Supplied records:

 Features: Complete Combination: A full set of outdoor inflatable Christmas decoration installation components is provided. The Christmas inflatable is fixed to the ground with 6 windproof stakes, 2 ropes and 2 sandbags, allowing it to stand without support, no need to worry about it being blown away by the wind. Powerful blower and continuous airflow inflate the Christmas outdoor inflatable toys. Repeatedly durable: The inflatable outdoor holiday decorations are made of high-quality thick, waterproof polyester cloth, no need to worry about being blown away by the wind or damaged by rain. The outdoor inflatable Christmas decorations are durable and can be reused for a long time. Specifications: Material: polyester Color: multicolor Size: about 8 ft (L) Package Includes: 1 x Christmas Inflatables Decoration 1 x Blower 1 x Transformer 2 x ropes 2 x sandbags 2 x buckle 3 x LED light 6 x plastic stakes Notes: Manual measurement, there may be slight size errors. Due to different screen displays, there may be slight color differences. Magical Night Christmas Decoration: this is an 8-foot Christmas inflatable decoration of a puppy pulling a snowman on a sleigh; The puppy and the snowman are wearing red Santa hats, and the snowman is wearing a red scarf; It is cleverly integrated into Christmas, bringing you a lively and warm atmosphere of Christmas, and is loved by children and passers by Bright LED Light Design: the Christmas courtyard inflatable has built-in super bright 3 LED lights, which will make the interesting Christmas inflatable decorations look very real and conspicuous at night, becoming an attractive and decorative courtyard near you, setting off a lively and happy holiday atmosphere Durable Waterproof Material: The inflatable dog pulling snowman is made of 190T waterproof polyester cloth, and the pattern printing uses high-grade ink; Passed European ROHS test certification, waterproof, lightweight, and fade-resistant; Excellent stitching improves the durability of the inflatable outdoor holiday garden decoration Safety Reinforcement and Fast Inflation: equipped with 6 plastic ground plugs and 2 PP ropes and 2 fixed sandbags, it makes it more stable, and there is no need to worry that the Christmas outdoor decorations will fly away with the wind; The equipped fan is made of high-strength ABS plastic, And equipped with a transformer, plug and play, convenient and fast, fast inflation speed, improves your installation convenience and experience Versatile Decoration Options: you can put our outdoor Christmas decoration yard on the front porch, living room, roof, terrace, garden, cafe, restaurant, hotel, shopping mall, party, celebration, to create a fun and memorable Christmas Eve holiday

==

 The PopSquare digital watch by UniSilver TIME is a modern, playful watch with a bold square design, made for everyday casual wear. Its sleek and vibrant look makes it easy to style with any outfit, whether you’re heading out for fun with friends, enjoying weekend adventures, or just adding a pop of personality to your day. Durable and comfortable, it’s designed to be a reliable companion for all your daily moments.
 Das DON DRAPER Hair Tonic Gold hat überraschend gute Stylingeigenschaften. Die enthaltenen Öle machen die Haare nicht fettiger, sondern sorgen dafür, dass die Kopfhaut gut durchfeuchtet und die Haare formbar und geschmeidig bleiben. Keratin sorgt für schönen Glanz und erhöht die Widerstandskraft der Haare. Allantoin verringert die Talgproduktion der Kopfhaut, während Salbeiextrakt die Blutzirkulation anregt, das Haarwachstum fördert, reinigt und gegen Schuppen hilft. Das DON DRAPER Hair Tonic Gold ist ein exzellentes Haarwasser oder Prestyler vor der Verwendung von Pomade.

---

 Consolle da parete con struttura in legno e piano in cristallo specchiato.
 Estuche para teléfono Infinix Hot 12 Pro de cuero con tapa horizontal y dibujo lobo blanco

What the exercise asks: Each line in the listing above from the one containing "The PopSquare digital" through the one containing "Das DON DRAPER Hair Tonic Gold hat" should be repeated exactly, and no other line.

Task output:
 The PopSquare digital watch by UniSilver TIME is a modern, playful watch with a bold square design, made for everyday casual wear. Its sleek and vibrant look makes it easy to style with any outfit, whether you’re heading out for fun with friends, enjoying weekend adventures, or just adding a pop of personality to your day. Durable and comfortable, it’s designed to be a reliable companion for all your daily moments.
 Das DON DRAPER Hair Tonic Gold hat überraschend gute Stylingeigenschaften. Die enthaltenen Öle machen die Haare nicht fettiger, sondern sorgen dafür, dass die Kopfhaut gut durchfeuchtet und die Haare formbar und geschmeidig bleiben. Keratin sorgt für schönen Glanz und erhöht die Widerstandskraft der Haare. Allantoin verringert die Talgproduktion der Kopfhaut, während Salbeiextrakt die Blutzirkulation anregt, das Haarwachstum fördert, reinigt und gegen Schuppen hilft. Das DON DRAPER Hair Tonic Gold ist ein exzellentes Haarwasser oder Prestyler vor der Verwendung von Pomade.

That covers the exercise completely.